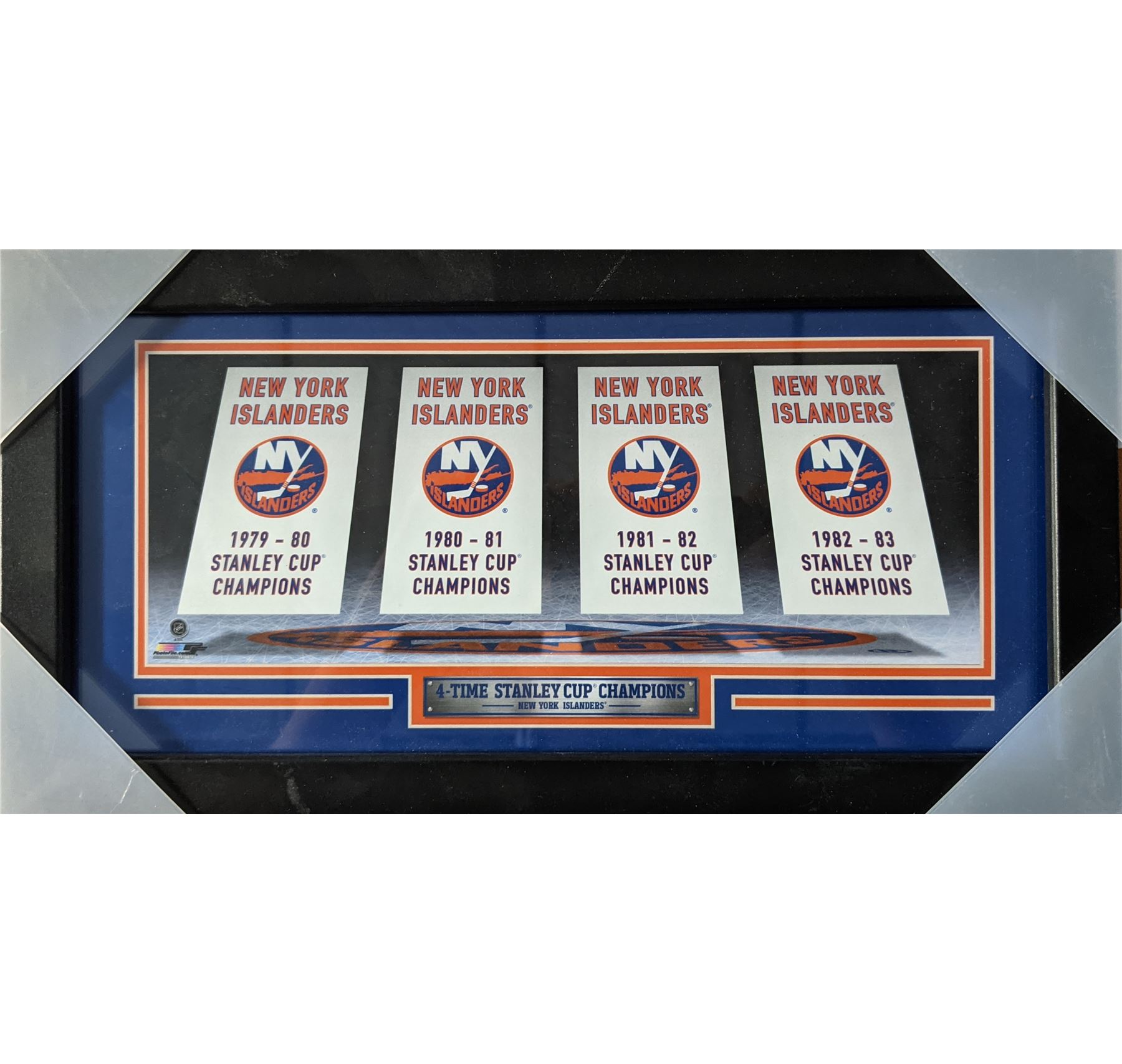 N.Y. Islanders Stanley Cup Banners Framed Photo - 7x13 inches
--
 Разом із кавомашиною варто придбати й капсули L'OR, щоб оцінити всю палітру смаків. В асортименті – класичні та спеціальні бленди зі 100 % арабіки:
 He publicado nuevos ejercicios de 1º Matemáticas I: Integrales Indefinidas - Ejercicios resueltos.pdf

_WORK REQUIRED_:
Reproduce the entries above exactly, but only the lines between the line holding "Разом із кавомашиною" and the line holding "He publicado nuevos", inclusive.

_ANSWER SECTION_:
 Разом із кавомашиною варто придбати й капсули L'OR, щоб оцінити всю палітру смаків. В асортименті – класичні та спеціальні бленди зі 100 % арабіки:
 He publicado nuevos ejercicios de 1º Matemáticas I: Integrales Indefinidas - Ejercicios resueltos.pdf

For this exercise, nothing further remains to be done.